The First SF Redis Meetup
Although I am not a Redis user, yet, I do have an interest in NOSQL (Not Only SQL) data storage and Redis has come up in readings and discussions as a very slick piece of technology. I figured that the First San Francisco Redis Meetup would be a good opportunity to find out more about Redis and how other software developers and companies have deployed it. Even though I was one of two or three who have not used Redis, this meetup met my expectations.
The event was held at the Engine Yard offices in San Franciso (Engine Yard is a big user of Redis) on March 25, 2010. The evening started with pizza, soda, and a very well done introductory Redis presentation by Ted Nyman, the organizer. Subsequent speakers discussed how they were using Redis for their projects. The main takeaway from the evening was that you can use Redis for pretty much anything but it seems very well suited for any situation where you want to store some information as a data structure on a remote server. It seems like a very strong replacement for memcached and much much more.
For more information on this and future Redis Meetups, check out The San Francisco Redis Meetup Group.
Below are the notes that I took that evening. SF Redis Meetup Group
- Intro by Ted Nyman
- First Redis Meetup (in the world?)
- Salvatore Sanfilippo (antirez) is the author of Redis
- Very attentive maintainer; responsive on email and IRC
- Open sourced about a year ago
- A project called "Rescue" uses it
- What is Redis?
- "A super-fast database," for the layman
- "A fast and powerful key-value store that saves us time, money, and our sanity," for the pointy-haired boss
- Or NOSQL
- "A blazingly fast, in-memory data structures sever, with built-in value types and atomic operation; easy replication; all structured with unique keys," for the cool hackers.
- Redis is simple
- Zero config.
- 30 seconds from download to database interaction.
- Tried it the first time and it worked very well.
- Redis is very fast.
- 100,000 r/w a second on a decent Linux box.
- Real Data structures
- redis values can be strings, lists, sets, sorted sets. With sophisticated, atomic operation. And now: hashes.

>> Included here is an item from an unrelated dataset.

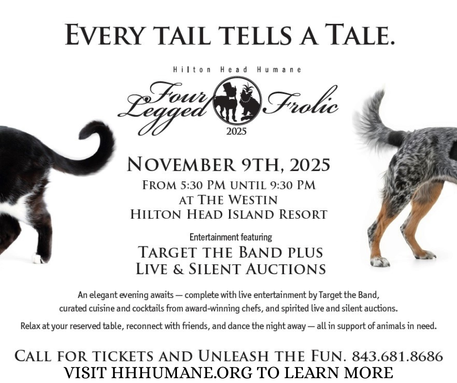 H.H. Humane’s Annual Meeting*: Tuesday, December 2nd at 6PM, The Golf Club at Indigo Run, HHI. *All HHH members are invited to attend the HHH Annual Meeting. If attending, please RSVP at (843) 681-8686 before November 27, 2025.

- a list can be set up as a queue
- hashes are new an powerful
- Redis is multi-lingual
- Client libs for Ruby, Python, Perl, PHP, Clojure, Java, and many more. Even Haskell.
- The Redis C source code is very readable
- Redis is pretty safe
- And getting safer. It's now as persistent and durable as yuou desire. New Multi-Exec. Replication. And more.
- Redis writes to disk every 5 seconds, which is not very "durable"
- But it depends on what you are doing, i.e. saving somebody's up vote on Reddit.
- Has replication, master-slave
- Append only file - not on by default (makes it a little slower)
- Multi-Exec (not on stable)
- Say you want to do three commands: LPUSH, RPOP, INCR
- Run a command like MULTI(LPUSH, RPOP, INCR) EXEC
- If it crashes in the middle, the transaction doesn't commit
- Redis is improving daily
- What's new? Hashes, Virtual Memory, Multi-Exec
- This is for the 2.0 release
- VM is like OS VM, things not used a lot are put to disk
- Neat.
Andy McCurdy from Whiskey Media, maintainer for redis-py
- What redis-py currently does and Andy's vision for it
- redis-py
- supports
- nearly ever command in git
- pipelining
- useful for batch loading
- multi-exec
- so it becomes trivial to chain things together and exec
- redis is like a data structure store and we use a lot of these data structures today
- in python, we can implement the redis list to look like a normal python list but the storage is remote
- doesn't require knowledge of the commands, just use the data structures as if they were native
- side note
- it's an absolute bitch setting it up
- Thrift is a piece of shit
- takes too long to get it setup
- redis is so much more simple
- use django and like django's ORM, for the most part
- supports
- "Who uses redis as a caching server for another database?"
- 3-4 people
- Using sorted sets
- Consistent hashing in the
- Using redis as the main data store
- "Need to roundup the redis client developers and use the same consistent hashing."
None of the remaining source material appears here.